Dans une étude précédente, Allart, Soubeyran et Cousson‐Gélie (2013) ont effectué une revue de la littérature sur les facteurs psychologiques associés à la qualité de vie chez les patients atteints d’un cancer hématologique. Les auteurs ont extrait à partir de 14 études que l’estime de soi, le sens de la cohérence, le lieu de contrôle, les stratégies de coping, la détresse émotionnelle et le soutien social sont associés à la qualité de vie. En revanche, les auteurs soulignent le manque de résultats cohérents dans le cas de ces cancers hématologiques mais mettent en évidence l’influence tant des facteurs personnels que transactionnels dans l’explication des différences d’ajustement.

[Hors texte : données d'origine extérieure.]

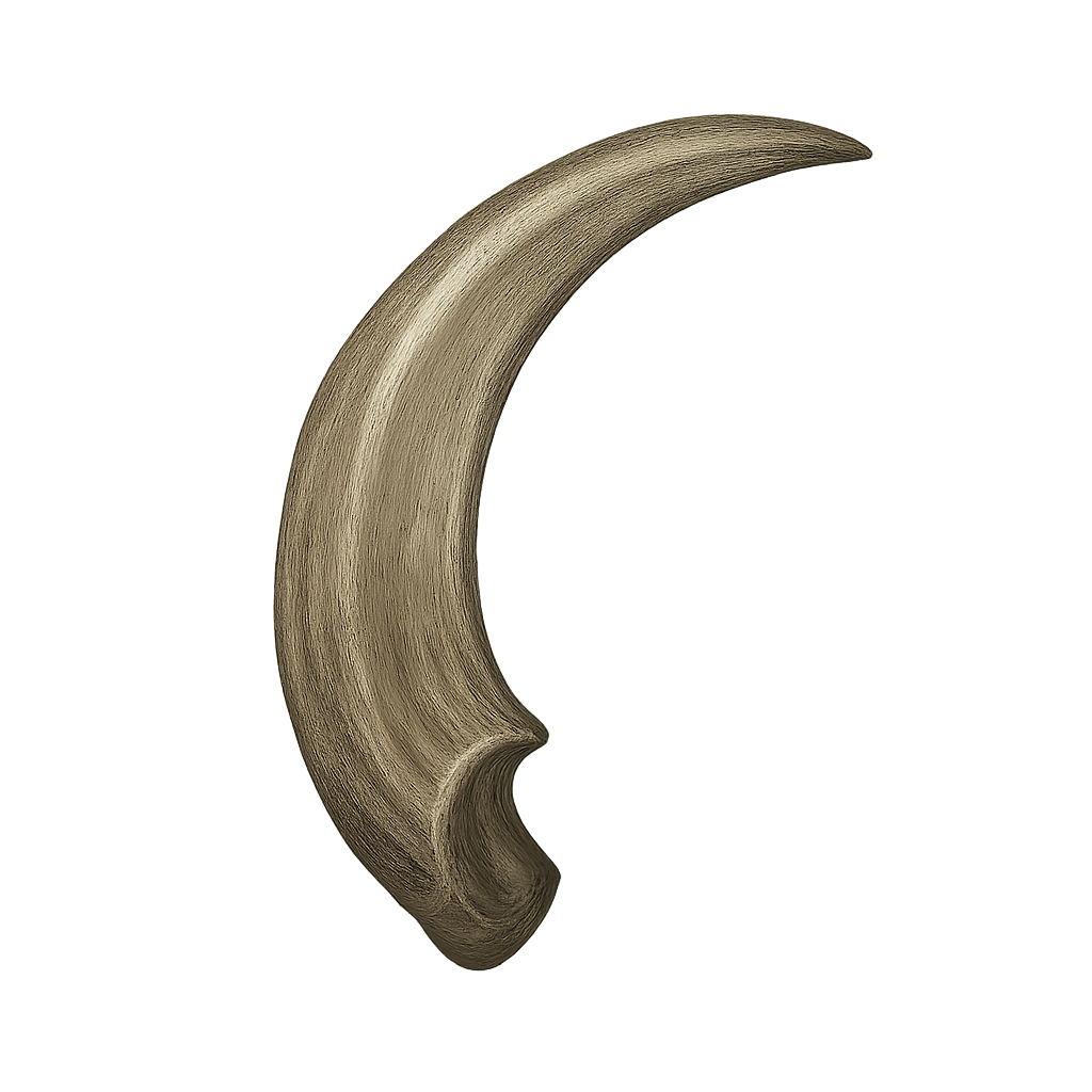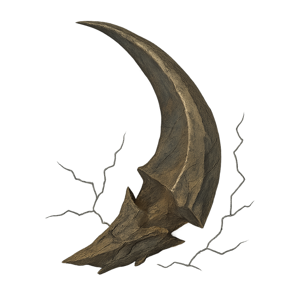 A curved, ivory talon with a faint metallic sheen, prized by hunters and alchemists alike for its razor edge and latent vitality.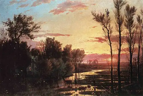 A major influence on his style came from his son Guido Carmignani, who would also become a notable painter. Guido had made a trip to Paris to research the latest trends in art and shared his enthusiasm for them, especially the Barbizon school.[1] Inspired by this, Giulio created what are considered to be his masterpieces: "Un tramonto dopo la pioggia" (Sunset After the Rain, 1864) and "Colpo di Vento" (Gust of Wind, 1870), both of which are now in the Galleria nazionale di Parma.

Plus récemment, Esser et al. (2017) ont proposé un protocole expérimental pour réaliser une étude longitudinale sur 1000 patients atteints de cancers hématologiques sur trois années après l’annonce du diagnostic afin d’explorer le niveau de qualité de vie dans différents domaines tout au long du processus du cancer et d’identifier de potentiels facteurs démographiques, médicaux et psychologiques qui prédiraient l’évolution de cet ajustement (en comparant à des

79

scores normaux issus de la population générale). Ils ont en effet constaté que les études relatives à la qualité de vie et aux facteurs l’influençant dans le cas des cancers hématologiques n’étaient pas toujours cohérents, plutôt rares et ne contrôlaient pas suffisamment de facteurs pouvant influencer la variabilité des scores de qualité de vie tels que le type de maladie hématologiques (lymphome, leucémie, myélome, etc.) ou le type de traitement (e.g. la greffe de moelle). Parmi les facteurs psychologiques influençant le niveau de qualité de vie, l’anxiété et la dépression, qui sont eux-mêmes des marqueurs d’un ajustement dysfonctionnel, semblent contribuer de manière indépendante à l’altération de la qualité de vie une fois les symptômes de douleurs et la sévérité de la maladie contrôlés (e.g. Smith, Gomm & Dickens, 2003 chez des patients atteints d’un cancer à un stade avancé). Dans le cas de patients atteints de myélome multiple et de lymphome, Oberoi et al. (2017) ont examiné l’influence de l’anxiété et de la dépression sur la qualité de vie future. Ils démontrent que, excepté pour la qualité de vie physique, toutes les dimensions de la QdV évaluées sont associées à de l’anxiété et que toutes les dimensions de la QdV sont associées à la dépression à 7 mois après le diagnostic. Ces résultats permettent d’introduire la présentation de la détresse psychologique incluant la dépression et l’anxiété comme marqueurs majeurs de l’ajustement au cancer.